WT is easily measured via a sensor positioned within the water jacket on the engine.  CHT sensors are typically shaped like a ring and are normally trapped between the base of the spark plug and the top of the cylinder head so as to get a good contact i.e. they would replace the gasket of the spark plug, and are not normally used in karting.  Sensing the EGT requires the mounting of a probe into the header pipe of the exhaust close to the exhaust port.  To achieve this, one needs to weld a nipple onto the header at a distance of between 50mm and 80mm from the ball joint on the header, and the sensor’s probe would then be screwed into this nipple.
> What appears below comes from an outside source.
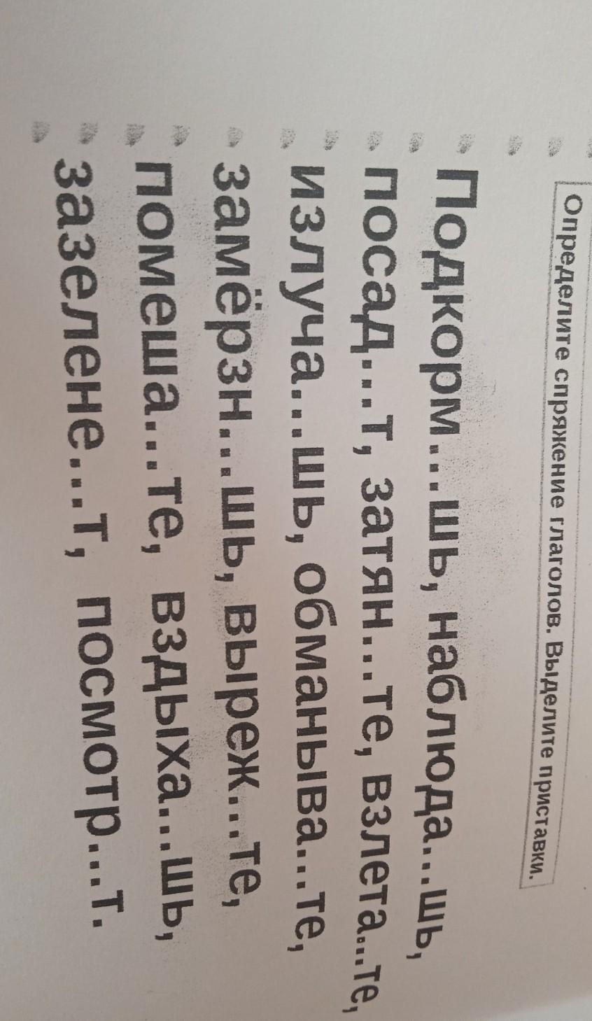 Подкормишь (2-е спряжение), наблюдаешь (1-е спряжение), посадят (2-е спряжение), затяните (2-е спряжение), излучаешь (1-е спряжение), обмазываете (1-е спряжение), замёрзнешь (1-е спряжение), вырежете (1-е спряжение), помешаете (1-е спряжение), вздыхаешь (1-е спряжение), зазеленеете (1-е спряжение), посмотрит (2-е спряжение, слово-исключение)

The Kid Rok, Mini Rok, and OKJ classes have adopted the principle of keeping things as simple as possible and no temperature sensors are allowed at all, but on DVS one is obligated to use a WT sensor when competing at Regional or National levels.  For the Rotax series one is allowed to use up to two sensors, and they are the WT and the EGT as shown in the picture above.  If used correctly, the readings one gets can provide some useful information on what is happening inside the engine, so it really boils down to a question of why not use all of the tools at your disposal.

  

Types of sensors

The construction of the WT and EGT sensors differs somewhat and also has a lot to do with the actual value of the temperature being measured.  The WT sensor is usually a resistance type of device where a fine wire is encased in a container or ‘bulb’ which in turn is fitted into the water jacket.  As the water temperature (and hence the temperature of the bulb as well) changes, so does the electrical resistance of the fine wire inside it.  So, what the pointy heads do is to pass an electrical current through the wire, measure its resistance, and from this the temperature can be calculated – clever hey.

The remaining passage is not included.